Mais pour vous, c’est quoi la BD flamande ? Qu’elle soit nouvelle ou ancienne, d’ailleurs.

Cette exposition montre une partie du monde de la BD flamande. Il faut savoir qu’il y a dans notre partie du pays une grande tradition de bande dessinée à tendance « Nederlandse familie », extrêmement populaire. Ici, nous sommes face à une génération d’auteurs qui n’ont pas suivi cette voie, cette ligne des ancêtres. Si vous cherchez un fil rouge entre les oeuvres, vous vous rendrez compte qu’il n’y en a pas. Il y a 18 auteurs exposés et tous ont des esprits différents, avec de très riches variations. Je suis incapable de trouver un mot qui puisse résumer ces univers.

© Didier Fouss

La plupart des auteurs sont d’ailleurs déjà traduits. En Français ou alors en Anglais. Nous sommes en présence d’une génération qui peut viser d’autres marchés, dépasser les frontières. Ce qui était moins vrai avec les albums « de famille »….

Qu’est-ce que vous lisiez alors, quand vous étiez enfant ?

Ce que tout le monde lisait, les Bob et Bobette, Kiekeboe. Des récits très populaires, connus avec des éléments qui reviennent. Ce à quoi un Simon Spruyt peut par exemple rendre hommage… de manière décalée. Mais cette BD de famille était un concept qui misait sur la rapidité et la reconnaissabilité du format : 48 planches et un rythme de parution très régulier, tous les six voire tous les quatre mois. Ce qu’aucun auteur de l’expo n’a envie de faire. On ne rêve pas de série, on veut expérimenter et, pour ce faire, il faut nécessairement du temps.

© Pieter De Poortere

À l’époque des BD de famille, l’auteur devait produire 1/2 planche par jour… soit 3 planches par semaines. Ça ne laisse pas suffisamment de temps au reste, au travail d’illustrations, de recherches, d’expérimentation. Résolument, on ne rêve pas à ça.

Cette BD que vous pratiquez, a-t-elle été influencée par d’autres choses ?

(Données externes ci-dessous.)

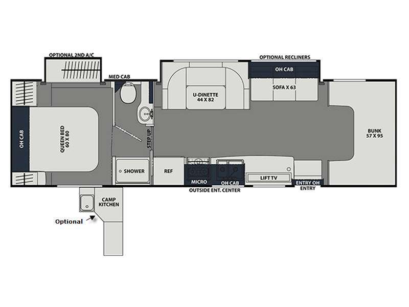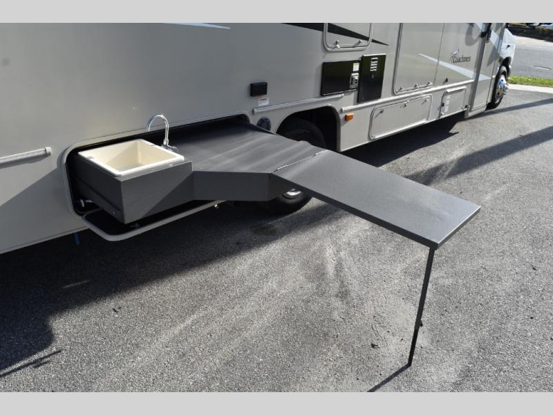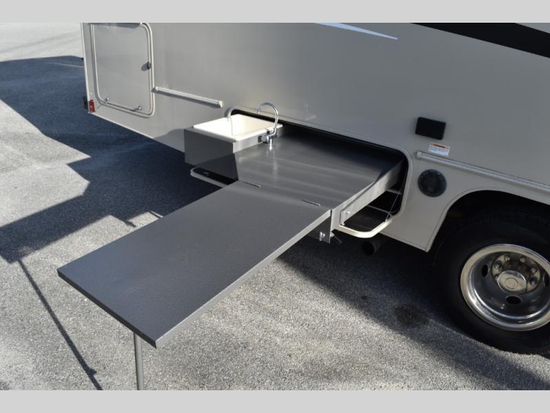 You'll have the time of your life in this Leprechaun Class C gas motorhome! There is a rear private bedroom with a queen-size bed and a wardrobe slide, and the bedroom is right next to the bathroom for convenience. Here you'll find a private toilet and sink, with the shower right across the hall, and you can close off this space to make one big bathroom if you want! Out in the main living area, there is a large slide that holds the U-shaped dinette and sofa. These pieces of furniture sit directly across from the kitchen so that you can chat with the chef while preparing meals on the three-burner range or in the residential-size microwave. If you like, you can add the optional outdoor camp kitchen which includes a sink and refrigerator with extending table so you can dine outdoors when you want as well, and the outside entertainment center will provide some fun while you're out there.
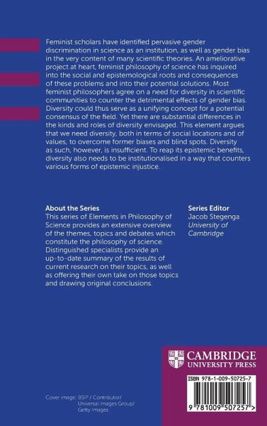"Feminist scholars have identified pervasive gender discrimination in science as an institution, as well as gender bias in the very content of many scientific theories. An ameliorative project at heart, feminist philosophy of science has inquired into the social and epistemological roots and consequences of these problems and into their potential solutions. Most feminist philosophers agree on a need for diversity in scientific communities to counter the detrimental effects of gender bias. Diversity could thus serve as a unifying concept for a potential consensus of the field. Yet there are substantial differences in the kinds and roles of diversity envisaged. This element argues that we need diversity, both in terms of social locations and of values, to overcome former biases and blind spots. Diversity as such, however, is insufficient. To reap its epistemic benefits, diversity also needs to be institutionalised in a way that counters various forms of epistemic injustice"--
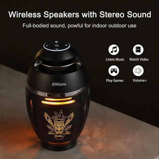 The Tiki patterns and tropical style patterns each occupy about a quarter of the product's appearance. Buy 1 wireless speaker, you will like get 3 different flame speaker at the same time. ^^ Dual Sync TWS Connection TWS function lets you pair two speakers for a powerful 10W true stereo surround sound. The unique wireless speakers is the perfect gift for Christmas, Birthdays, Father's Day, Thanksgiving Day, and other Holidays for men, dad, boyfriend, brother, or women. DIKAOU Tiki torch Indoor/Outdoor speakers deliver rich, room-filling stereo sound.
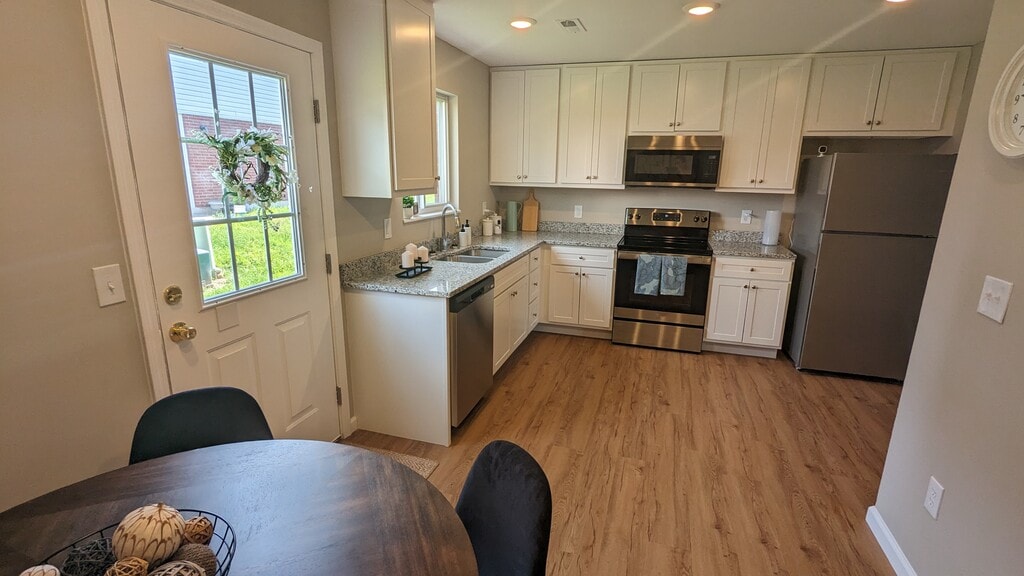 Northridge Place offers convenience and affordability with its three bedroom, one and half bath townhomes. The main level includes a large kitchen with appliances, space for in-unit washer and dryer hookups, an updated half bath and a spacious living area. The second level includes three bedrooms with ceiling fans and a full bathroom. A coat closet on the main level and linen closet on the second level offer extra storage. Patio is located off the kitchen. Pet friendly dogs and cats under 45lbs accepted with non-refundable deposit and monthly fee per animal (limit of 2 per unit). Tenant pays utilities, excluding trash. No application fees, we do run credit and background checks. Renters insurance is required. A security deposit is due within 24 hours of the application being approved to hold a unit. Property owner pays for trash. Tenant pays for electric, water and sewer and one-time inspection fee. Renters insurance is required.
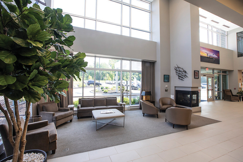 “We've applied a new, warmer colour scheme and some new wall coverings, in addition to replacing all of the temporary furnishings, décor and design elements that were here when we opened the new FBO last year,” Day continues. “We changed the feel and the experience of the FBO. It's more modern, but still cosy and comfortable. And some of the accents pieces are kind of funky, and that's a fun touch. We call it 'cosy chic,' and we're inviting all of our customers to come in and enjoy the new look.”
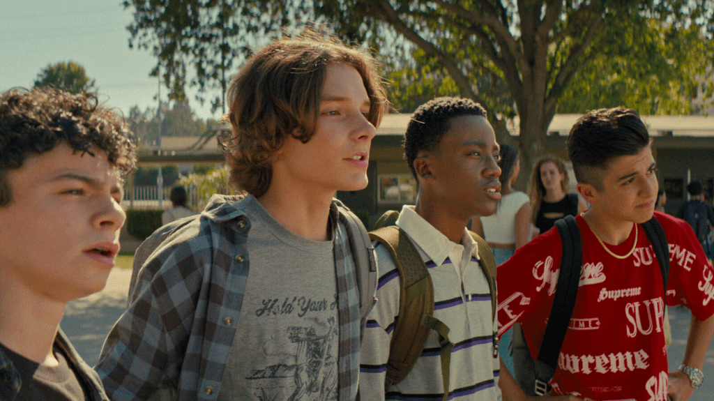 Benj has to carpool with a senior, Ruby (Thomas Barbusca), who does drugs and sells OTC meds to skateboarders as MDMA. His friends, Eddie (Ramon Reed), and Connor (Raphael Alejandro), are also wanting to make a name for themselves, but Eddie is frustrated over the loser boyfriend dating his mom. And Connor immediately gets called “Fetus” by upper classmen. They are fascinated with the popular Katrina Aurienna (Loren Gray), who has half a million followers on social media.
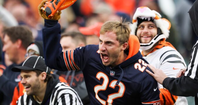 Bears safety Jonathan Owens records Bears fans celebrating after beating the Bengals 47-42 on Sunday, Nov. 2, 2025, at Paycor Stadium in Cincinnati. (Eileen T. Meslar/Chicago Tribune)
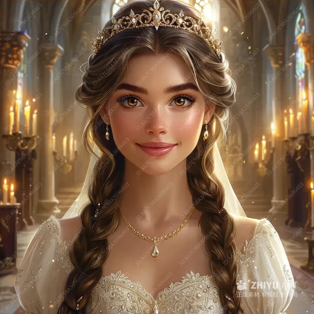 一个有着金色眼眸和棕色长发的16岁公主,身穿闪亮的
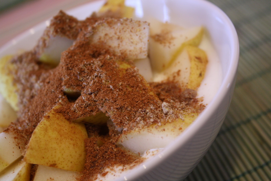 Comme dessert, environ 150 g de yogourt nature (ce qui restait dans le pot), une c. à soupe de graines de lin moulues, une poire Bartlett en morceaux et un peu de cannelle! Yum!
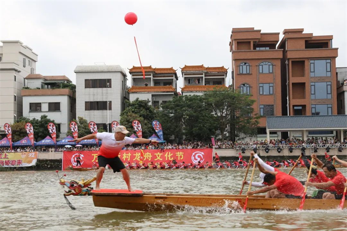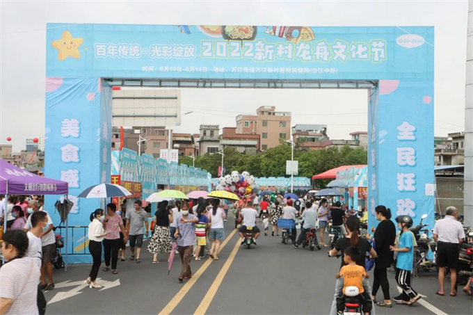万江民谚曰:“五月十四新村景”。作为每年“万江赛龙舟”的压轴大戏,6月12日,自发组织的38条龙舟齐聚新村河,参加游龙趁景“嘉年华”,轮番竞渡拔头筹。这是新村社区有史以来龙舟参与数量最多的一次龙舟盛事,场面浩大,气氛热烈,不少人不远千里奔赴这一场盛会。

Vous savez, je ne regarde pas seulement le monde de la BD, mais aussi celui de l’illustration, de la musique. Nous sommes à une époque où il y a beaucoup de crossovers.

© Pieter De Poortere

Et si le monde Franco-Belge est le terreau de grandes séries, on y voit aussi de plus en plus de romans graphiques, d’histoires plus expérimentales. La Belgique, c’est un tout petit pays qui est très riche, il y a beaucoup de talent au kilomètre-carré !

Mais l’humour est différent, non ?

C’est vrai que ce qu’on fait Nix, Simon Spruyt ou moi-même, s’apparente beaucoup au surréalisme, à quelque chose de très belge. C’est ce que mon éditeur chez Glénat me répète souvent : « y’a qu’en Belgique que vous pouvez faire ça ». Mais ce que mes collègues et moi faisons ne se limite pas à ça, c’est très riche.

© Pieter De Poortere

Comment expliquez-vous que vous ayez tous, à un moment, été à contre-courant de la BD familiale bien implantée ?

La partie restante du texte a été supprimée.